Räikkönen siegt in Melbourne vor Alonso und Vettel

Nicht der favorisierte Weltmeister Sebastian Vettel oder Herausforderer Fernando Alonso, sondern Kimi Räikkönen hat am Sonntag in Melbourne den Auftakt zur Formel-1-WM gewonnen. Der finnische Lotus-Pilot raste von der vierten Startreihe aus mit einer Zweistopp-Strategie satte 12,4 Sekunden vor Ferrari-Star Alonso und noch klarer vor Pole-Mann Vettel im Red Bull zum Sieg.


Während der finnische Ferrari-Weltmeister von 2007 wie immer ohne großes Minenspiel auch seinen insgesamt 20. Grand-Prix-Erfolg – den zweiten nach seinem Vorjahres-Comeback -zur Kenntnis nahm, endete der vom Poker mit den neuen Reifen beeinflusste WM-Auftakt auf dem heiklen Straßenkurs in Australien für Red Bull Racing nicht ganz nach Wunsch. Vettel hatte beide Freitagtrainings dominiert und sich im wegen Regens auf Sonntag verlegten Qualifying problemlos seine 37. Pole-Position gesichert. Im Rennen aber verlor der 25-jährige Triple-Champion seine Führung schon nach dem ersten Boxenstopp.

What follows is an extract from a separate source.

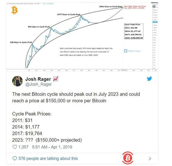 加密货币技术分析师兼投资者乔什·拉格(Josh Rager)表示,基于比特币自2011年以来的价格走势,以及比特币从历史高点后的回调中反弹的模式,他认为比特币在2051天内,即2023年之前,会达到一个新的峰值。

Danach fand sich Vettel mit dem neuen RB9 nie wieder ganze vorne wieder. Sein ebenfalls aus Reihe eins gestarteter Teamkollege Mark Webber kam zudem über Platz sechs nicht hinaus. Damit kommt Ferrari dank der Plätze zwei für Alonso und vier für Felipe Massa als Führender der Konstrukteurs-WM zum zweiten Saisonrennen in einer Woche in Malaysia. Red Bull ist nur Dritter.

Nach dem heftigen Regen am Samstag ging der erste von 19 Saisonläufen im Albert Park auf trockener Strecke in Szene. Red Bull hatte die erste Startreihe okkupiert, im von vielen Führungswechseln gekennzeichneten Rennen über 58 Runden ergab sich aber rasch eine andere Hackordnung. So führte Vettel zunächst vor den beiden Ferraris von Massa und Alonso sowie Räikkönen und dem Mercedes von Lewis Hamilton das Feld an. Aber schon nach dem frühen Führungswechsel war das Rennen für Vettel gelaufen. Danach gab lange Zeit Alonso mit Rekordrunden den Ton an, aber auch der Spanier wurde am Ende nicht zum Hauptdarsteller.

Sondern vielmehr Raikkönen, den an diesem Tag kaum einer der Konkurrenten auf der Rechnung gehabt hatte. Wie der am Ende auf Platz sieben landende Force India-Pilot Adrian Sutil, der zwei Mal selbst das Feld anführte, begnügte sich der Finne mit zwei Boxenstopps und schaffte dank brillanter Fahrweise nach Abu Dhabi im Vorjahr seinen zweiten Triumph nach der Rückkehr in die Formel 1.